Sylvia Hotel

The Sylvia Hotel is a Vancouver landmark. Built in 1912 next to the waterfront and Vancouver’s iconic Stanley Park, it was the tallest building in the area and originally contained swanky apartments for the affluent. It became a hotel after World War I.

Circa 1920

It went through a short period of decline but was designated as a heritage building in 1975. Since then its fortunes have increased.

The Sylvia as it looked today.

After a long walk through Stanley Park it was a great place to stop for some lunch and a break.

Greetings from Vancouver. 🙂

17 thoughts on “Sylvia Hotel”

  1. It’s good to know the Canadians, unlike their next door neighbours, place a value on older buildings and preserve them for the benefit of future generations. All helps give young people a sense of the history of their land.

    1. Vancouver hasn’t always had the best reputation for preservation; it’s doing much better now, including intervening on developers who buy 100-year old houses in order to replace them with so-called monster homes (large and cheap to build but expensive to buy).
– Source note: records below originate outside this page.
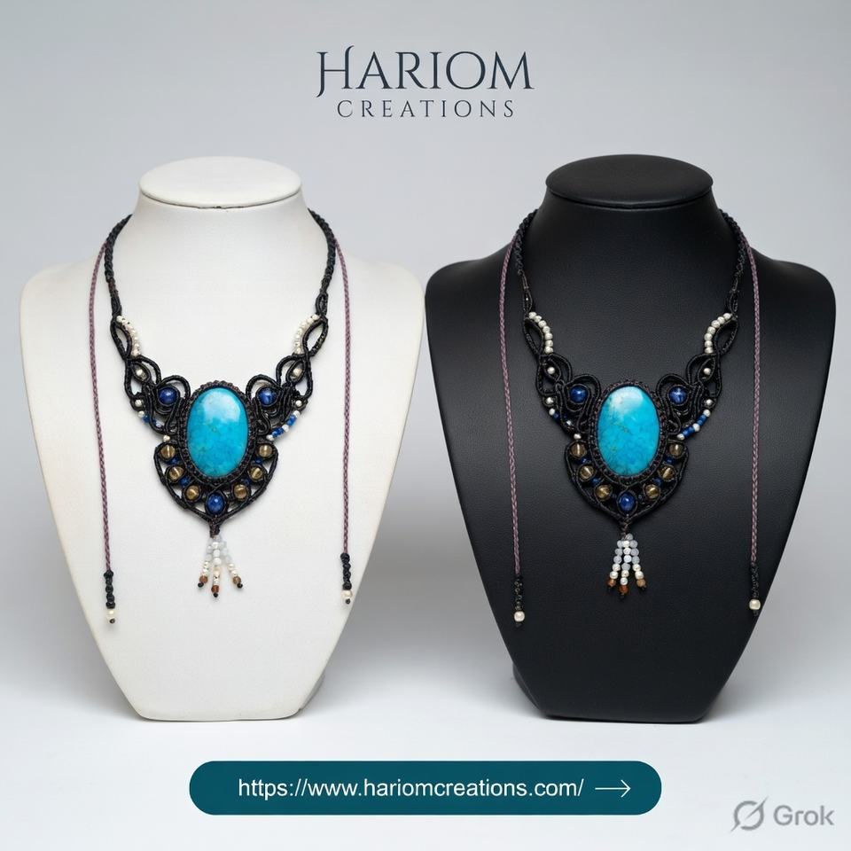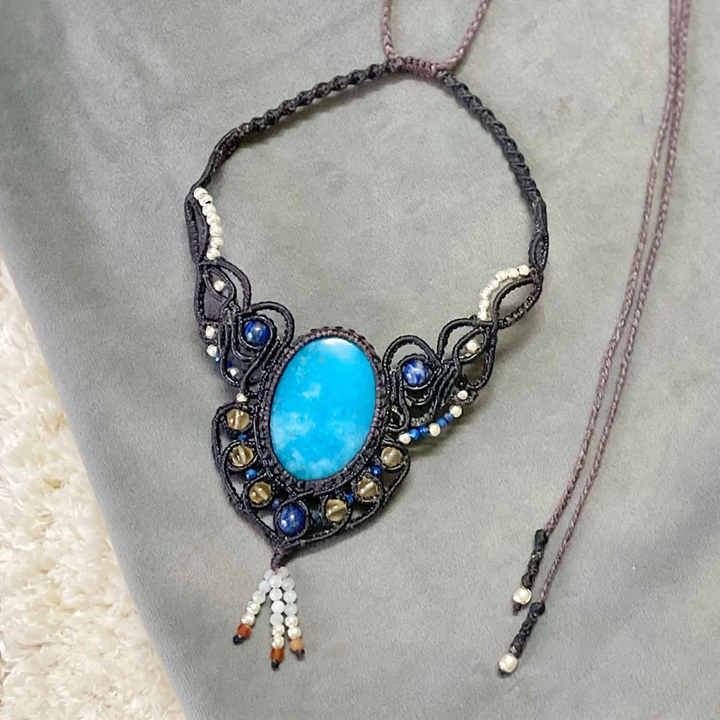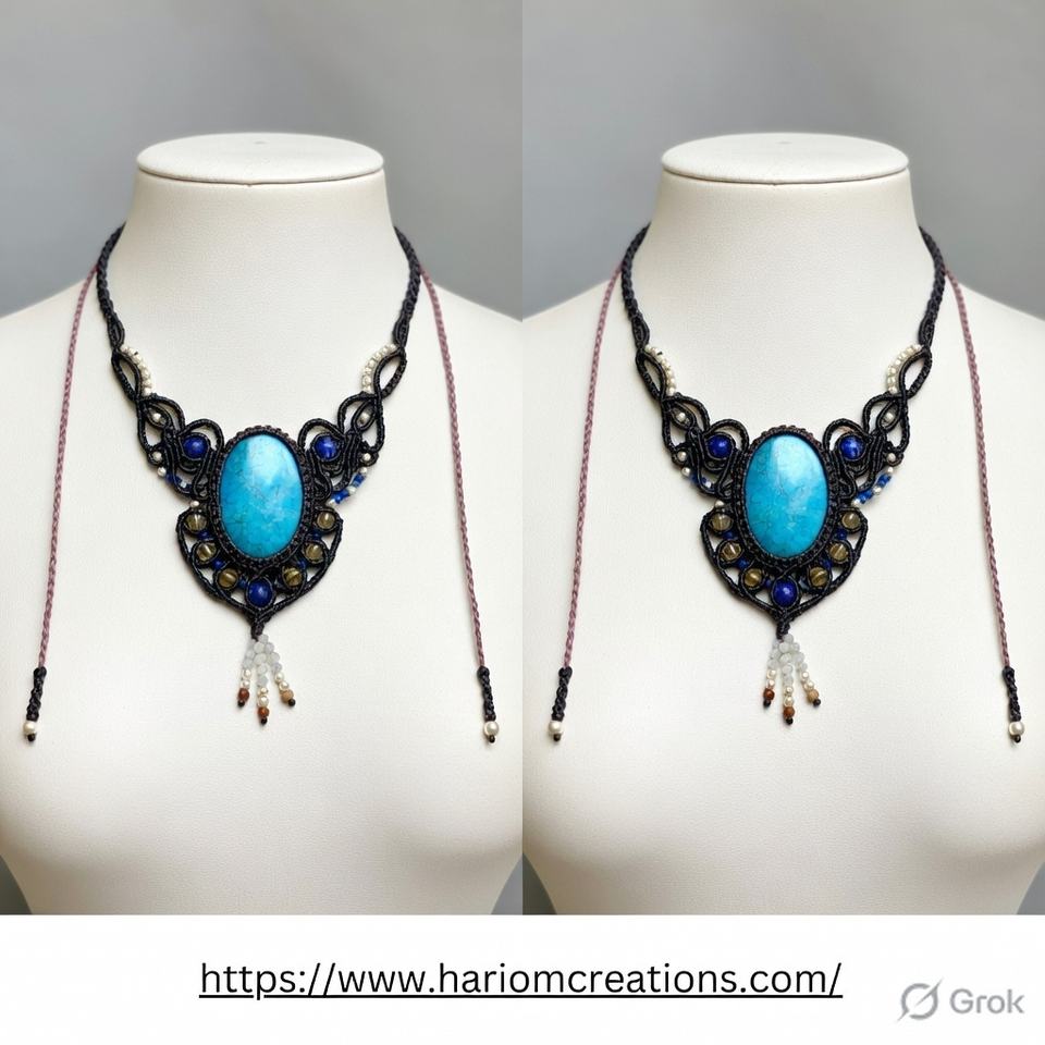 สร้อยคอทำมือสไตล์มาคราเม่สีดำ พร้อมจี้หินเทอร์ควอยซ์สีน้ำเงินธรรมชาติ สไตล์โบโฮ ปรับความยาวได้ เหมาะสำหรับผู้หญิง เป็นเครื่องประดับที่โดดเด่น
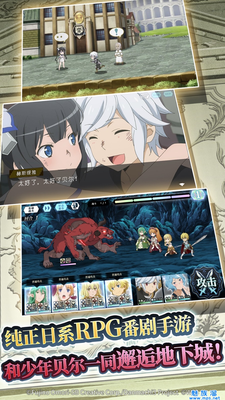 游戏本身继承了日式经典RPG的回合制玩法,包括迷宫探索、剧情任务、卡牌收集及角色养成。超百张精美人物立绘及礼装,自由组合随心搭配,组建属于自己的“眷族”小队!
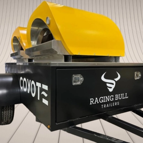 Our 4x8 Raging Bull Double-Headed Mobile Pizza Oven Trailer featuring the Coyote Duomo Woodfired ovens is a lightweight, single-axle trailer with a mounted stainless steel top.
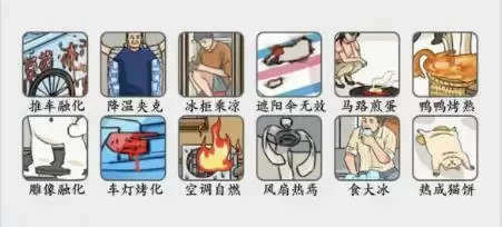 【推车融化、降温夹克、冰柜乘凉、遮阳伞无效、马路煎蛋、雕像融化、车灯烤化、食大冰、空调自燃、风扇热焉、鸭鸭烤熟、热成猫饼】
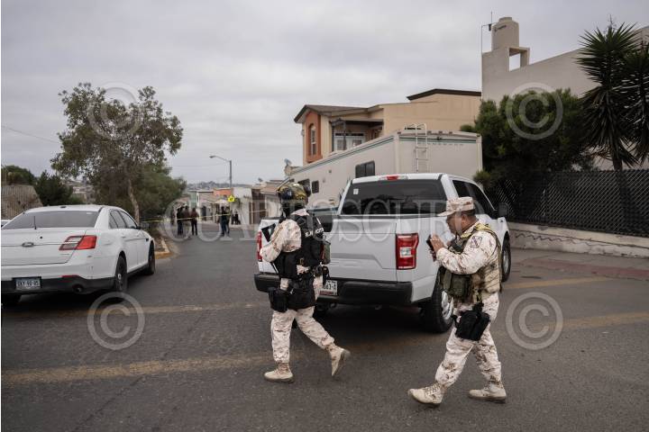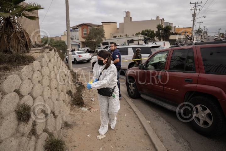 TIJUANA, BAJA CALIFORNIA, 14OCTUBRE2024.- Un ataque armado dejó el saldo de un hombre sin vida; se trata del subcomandante operativo de la Agencia Estatal de Investigación de la Fiscalia General del Estado en el municipio de Tecate. Los hechos se registraron la a mañana de este lunes 14 de octubre sobre la avenida Loma Bonita del fraccionamiento Loma Bonita, cuando el agente identificado como Gerardo Gonzalez Zamorano, salía de su casa, donde se encontraba su familia. De acuerdo a información extraoficial, los responsables apelaron a la fuga a bordo de un vehículo tipo Volkswagen color rojo en dirección hacia el Cañon Reforma, por lo que autoridades desplegaron un operativo para dar con los agresores. El lugar, que está ubicado a un costado de la escuela preparatoria Cobach siglo XXI, quedó altamente resguardado por parte de agentes de la Fiscalía General del Estado, Ejército Mexicano y Policía Municipal. Con más de 16 años de servicio en la agencia, Gerardo Gonzalez, fue ascendido a subcomandante en el municipio de Tecate, luego de haber estado laborando por varios años en la Fiscalía de Homicidios Dolosos en Tijuana. FOTO: OMAR MARTÍNEZ /CUARTOSCURO.COM
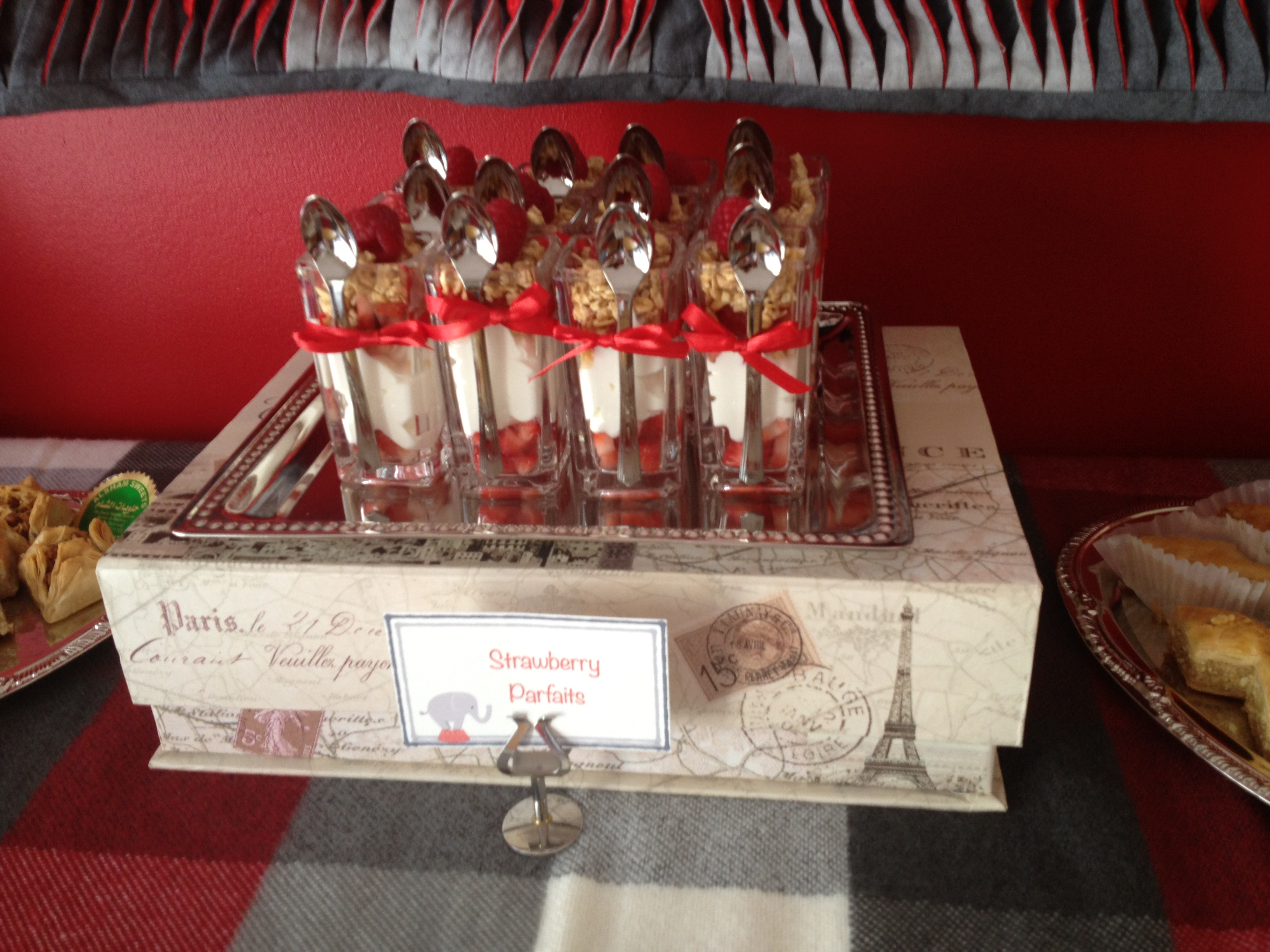 Other desserts at the table were yummy Middle Eastern sweets (provided by a family friend), mini strawberry parfaits (a’la me!), store-bought blueberry muffins and cupcakes decorated with elephant toppers that I created with the thanks of easy to use punches, all arranged on top of a plaid blanket showcasing the party’s theme colors.  And to bring it all together, the dessert table’s back drop was an amazing quilt that was handmade by one of the family’s friends.

Yes, it’s important to protect history, both good and bad, but protecting old buildings is also necessary for safeguarding our national personality.

      1. That’s good to know. Preservation is also much better for the environment, of course, where sustainability needs to become the first consideration for all actions.

  2. I absolutely love historic buildings, especially hotels, and I will happily stay in a long-established property rather than something fancy and new.

    It sounds like Dallas and Vancouver have a similar trajectory, at least in the context of this post. There was a time when they were tearing down everything historical and many magnificent buildings were lost. But now the tide is turning and it’s become much easier to save the landmarks whenever possible…

    1. I do as well and prefer to stay in older hotels; there’s just so much more depth.

      Vancouver started rectifying its reputation for tearing down older buildings in the 70s and 80s. There had been a lot of criticism, and deservedly so. Dealing with developers was another issue as they wanted to tear down everything, repeatedly. Having the Olympics in 2010 helped to refocus the city and province on what they wanted to present to world, too.

    1. I like that, too. Yes, if the walls could talk! My understanding is that Errol Flynn liked that hotel (he was a famous actor – and quite a party guy – of the Hollywood golden age).